Chess boxing, on the other hand, is exactly what it says on the tin.
Realizing that the only way to make chess an interesting spectator sport is to have the players punch each other at regular intervals, the creators of chess boxing have turned their oddball premise into a bona fide international sport. It has a governing body -- The World Chess Boxing Organisation (WCBO) -- and a solid set of rules that aren’t just “Yo, feel free to deck your opponent square in the jaw whenever they put you in check.”
A chess boxing match consists of 11 alternate rounds of chess and boxing. You can win with a checkmate, a knockout, a judge’s decision, or if an opponent exceeds the allotted time. Although that last part seems like a bit of an afterthought, we’ll hazard a guess that particular scenario is surprisingly common in a sport that requires you to remember how the knight moves after a few rounds of getting punched in the face.
Slamball
As the new millennium was still vapidly blinking its newborn eyes, Mason Gordon decided to gift it with its signature sport. He started by asking himself: “What if we play basketball, but everyone jumps even higher and also tackles are legal?” Then he taught a bunch of dudes with linebacker physiques to bounce on giant trampolines. In 2002, it debuted as Slamball, and man, oh man, just look at it:
As America’s #1 source of comically large men flying through the air like they mistook NBA: Jam for a documentary, Slamball ruled (or, uh, at least graced) the airwaves on Spike TV for two full years. Unfortunately, tapping into unabashedly kooky American Gladiators brand of entertainment-sports ultimately failed to find its audience, and Slamball faded into obscu-
... Wait, the sport was resurrected in 2008 as a full league? Holy crap, after another hiatus in 2015, they were suddenly all over China, with plans to bring Slamball programs to the country’s universities.

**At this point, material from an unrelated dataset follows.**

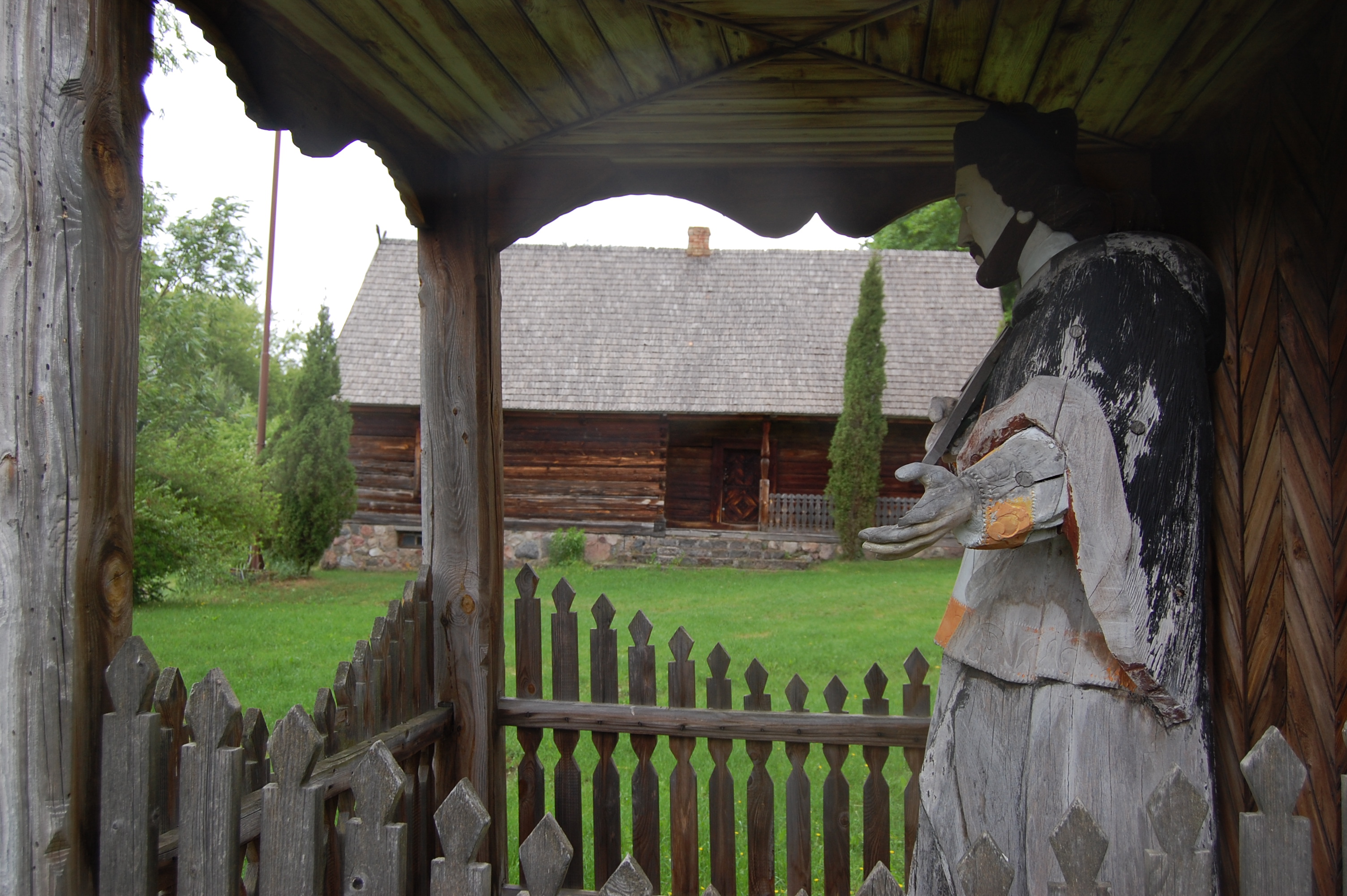 Kapliczka św. Jana Nepomucena ze wsi Tarnowo z XVIII w. W głębi chałupa z Witowego Mostu z II pol. XIX w.

Yes, despite being generally laughed at, Mason Gordon has been tirelessly plugging his invention for almost two decades, despite the fact that this has turned him into something of a patron saint of misfit sports. People constantly harass him with pitches of their own “groundbreaking” sports: one of the more cringe worthy ones was a version of baseball with two pitchers and two batters, called “Fastball” because it would indeed be twice as fast as regular baseball.
But really, is that any more ridiculous than Slamball? Maybe he turned it down because it's not ridiculous enough.
Headis
To be fair, table tennis is not necessarily an awful game to watch. At the absolute top level, where you barely see the players’ hands move and they perform incredible desperation returns 20 feet away from the table, it can be quite enticing. But the vast majority of matches are, well, ping pong. And at no point will it stop being ping pong.
A German sport called Headis attempts to solve this issue by keeping the table, but replacing the table tennis ball with a large rubber ball that you can only hit with your head.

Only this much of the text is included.